Starbucks and Uber just inked a deal which integrates the latter’s transportation functionality into the Starbucks app, allowing user to select Uber as an option for navigating to the closest store for their caffeine fix. This new feature is thanks to Uber’s release of its API to a number of firms, allowing them to bake in this sort of functionality into their own native apps.
But, as my wife incredulously put it, “there are a thousand Starbuckses in every city.” She’s pretty close to correct. There are 212 Starbucks outposts in Manhattan – an appropriate number, no? – meaning that there are, on average, six caffeinated mermaid-themed coffeehouses for every one of New York’s 33.7 square miles, negating the need to ever take a cab to Starbucks. Have you ever heard anyone say, “I drove to the Starbucks on West 17th?” Of course you haven’t. Partially because there isn’t one, and partially because there are other outposts on 12th, 14th, 15th, 16th, and 19th. Part of Starbucks’s business model – and one of its criticisms – is its ubiquity, and the fact that one need never take a cab from their home to the nearest ‘bux. Unless they roll out Starbucks Mobile Pour, that is.
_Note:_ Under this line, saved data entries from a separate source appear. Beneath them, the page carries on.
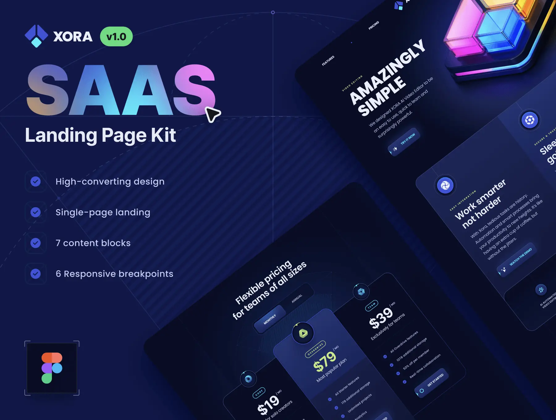 XORA – SaaS Landing Page Kit 科技时尚全套专业SAAS软件服务网站界面UI套件Figma网页设计模板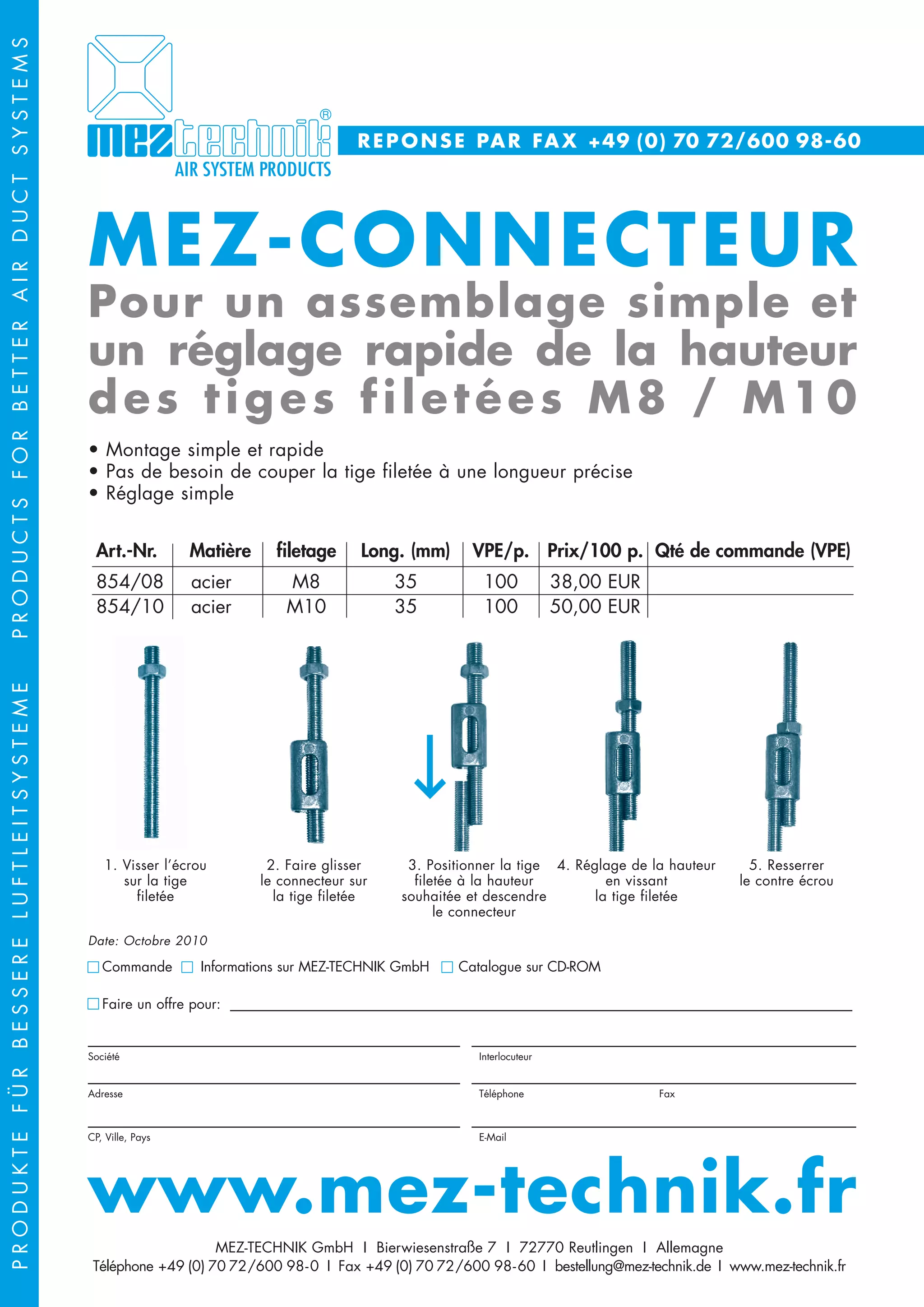 Le document décrit un connecteur MEZ pour le montage et le réglage rapide des tiges filetées M8 et M10 dans les systèmes de conduits d'air. Il fournit des informations sur le montage, la hauteur réglable et les prix, ainsi que les détails de contact de l'entreprise MEZ-Technik GmbH. Des instructions pour passer commande et les spécifications des produits sont également incluses.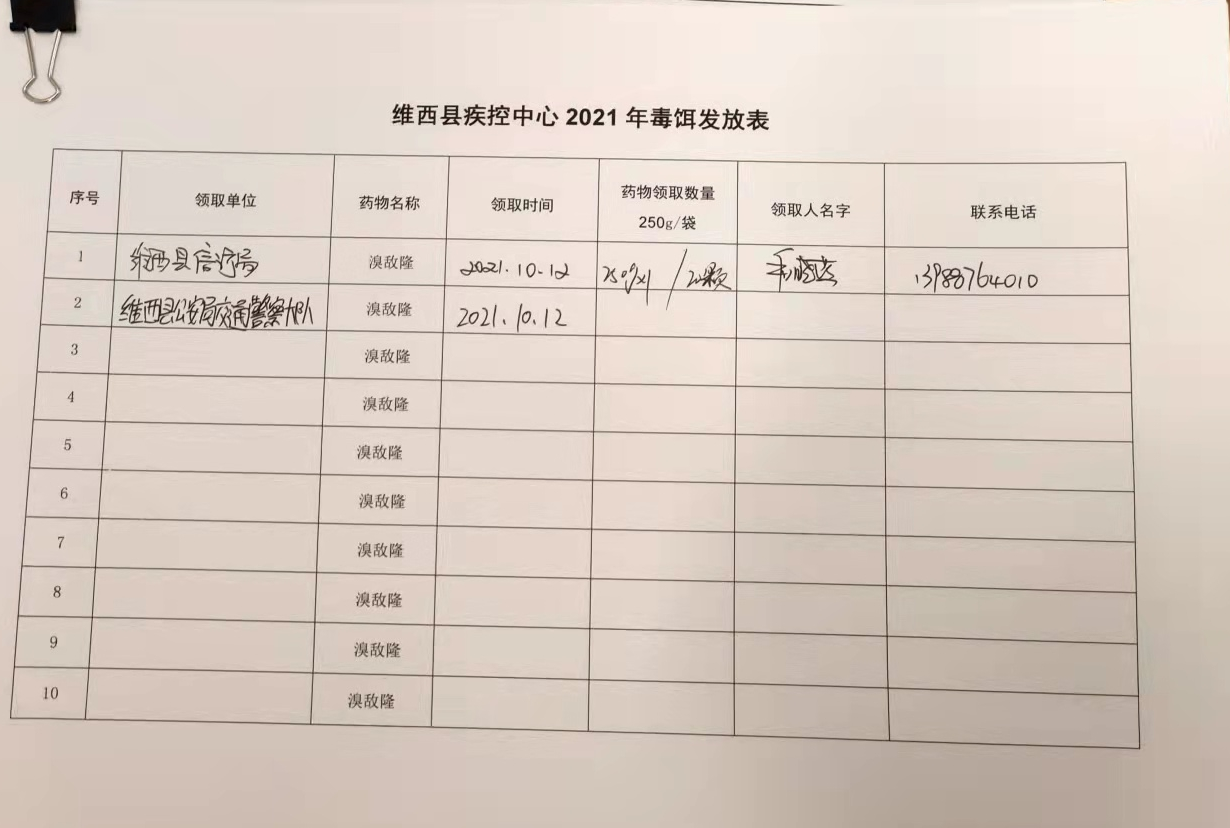 二是一如既往开展病媒生物防制工作。针对病媒生物防制工作相关要求,维西县信访局于10月12日到卫生监督所领取毒饵,对网格区域内的毒饵站及时进行了清理维护,并投放了毒饵。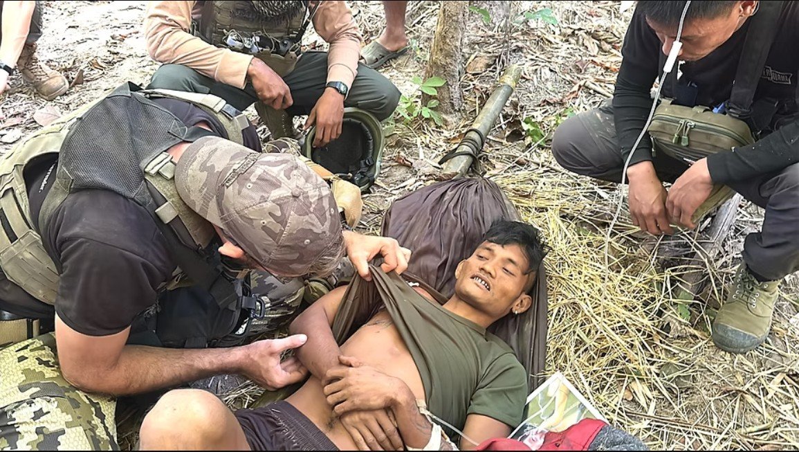 Rangers administer medical aid to a young Burma Army soldier. Photo courtesy of Free Burma Rangers (FBR).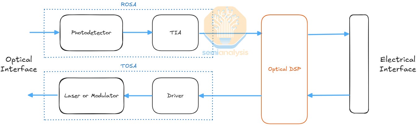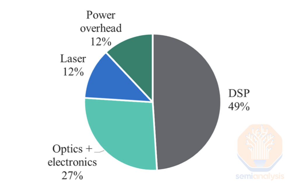The DSP chip is one of if not the most power-hungry and expensive components within the transceiver. For an 800G SR8 Transceiver – the DSP accounts for nearly ~50% of the module’s total power consumption, which is why there has been so much focus on getting rid of the DSP.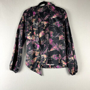 Tia Cibani Amethyst Satin Top Blouse Womens 4 Abstract Lagenlook Colorful NWT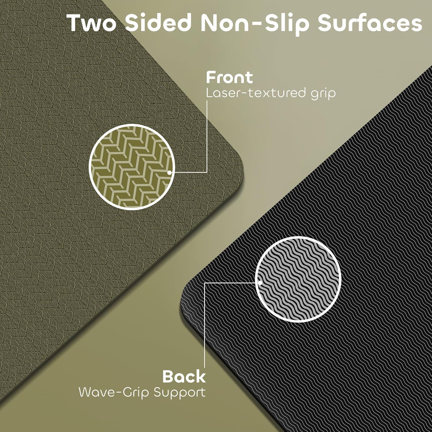 - Premium TPE Material with Dual-Sided Textures: Features snake patterns on the front and wave textures on the back for 360° non-slip grip during yoga, Pilates, or high-intensity workouts. The 6mm thickness provides cushioning for joints while maintaining stability.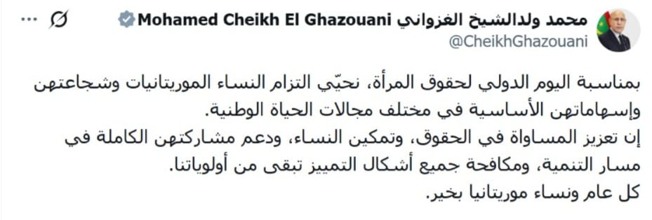 وأكد الرئيس غزواني، في تغريدة نشرها على حسابه في منصة “أكس” (تويتر سابقًا)، أن المرأة الموريتانية تواصل لعب دور محوري في مختلف مجالات الحياة الوطنية، مشيرًا إلى أن إسهاماتها كانت ولا تزال ركيزة أساسية في مسيرة التنمية والتقدم التي تشهدها البلاد.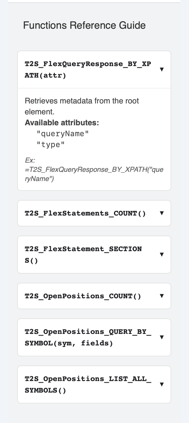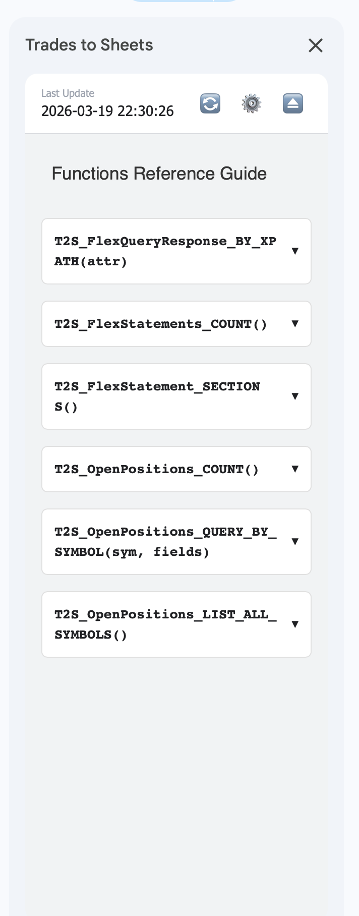 Below the control bar is the Function Reference Guide. This is a handy, built-in reference that shows you all the customized "Trades to Sheets" functions available for your spreadsheets.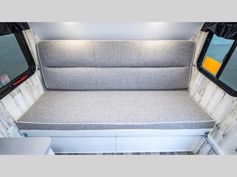 This travel trailer may be small in size, but it still packs in everything you will need for a fun camping trip! Prepare a delicious home cooked meal with the two burner stovetop, clean up the dishes in the single bowl sink, and store any leftovers in the 12V refrigerator. The booth dinette is great for eating meals, playing games, and transforming into an extra sleeping space. The front sofa/full bed can also be another sleeping space. There is shelving and overhead cabinets to store your items. The wet bathroom which has a 12V power vent to eliminate any unwanted steam.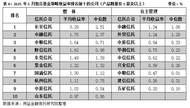 从平均收益率看,排名前十机构的组合基金策略产品收益率均高于行业平均水平,其中,长安信托、中融信托、中粮信托等9家机构的5月产品平均收益率在1%以上,业绩表现突出。从中位数收益率看,10家机构的组合基金策略产品的中位数收益率均高于行业平均水平,而长安信托、中融信托等5家机构的中位数收益率均高于1%,投资者持有体验较好。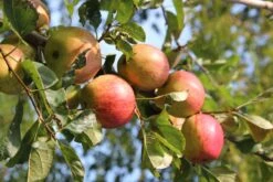 Der Herbstapfel ‚Santana‘ zeigt seine zauberhaften Blüten von April bis Mai. Die kleinen, weißen Blüten mit zartrosa überhauchten Blütenspitzen zieren die breite, buschige Krone zahlreich und sorgen für eine ertragreiche Ernte. Das sommergrüne Laub von Malus ‚Santana‘ ist oval geformt und leicht gezähnt. Die Früchte entstehen im Laufe des Sommers aus den Blüten. Sie zieren sich im Herbst mit einer grünlich-gelben Schale, die großflächig in intensivem Karmin gedeckt ist. Das mittelfeste, gelbliche Fruchtfleisch ist feinkörnig und saftig, es hat einen angenehm erfrischenden Säureanteil und einen süßen, würzigen Geschmack. Die Frucht des Herbstapfels ‚Santana‘ hat einen besonders hohen Gehalt an Polyphenolen. Das macht den Apfel auch für viele Allergiker genießbar. Die Äpfel erreichen ihre Pflückreife bereits Mitte September, genussreif sind die lagerfähigen Früchte von Oktober bis Dezember.

But Uber’s goal is broader. They want to become your go-to form of transportation, replacing public transportation, your own car, a rental car, and especially, Lyft. And so it’s not necessarily about tapping into the mobile coffee-drinkers market inasmuch as it is about becoming the default transportation option for any trip, no matter the distance. It’s about the consumer psychology, not the practicality.
And to that end, the Uber-Starbucks deal is one that maintains Uber’s affordable luxury brand cachet. Much like American Express, with whom it has partnered as well, Uber, and Starbucks, are predicated upon the idea of affordable luxury. In contrast to coffee from Dunkin’ Donuts or McDonald’s, the cost of a Starbucks Americano skews 20-75% higher. But, like the experience of hailing a car from one’s smartphone, the Starbucks experience is a rarified, wi-fi-ed, Norah Jonesified one. I paid $4.50 for this latte, and I will certainly not move my Macbook Air.
Now excuse me, I think the barista just called my name.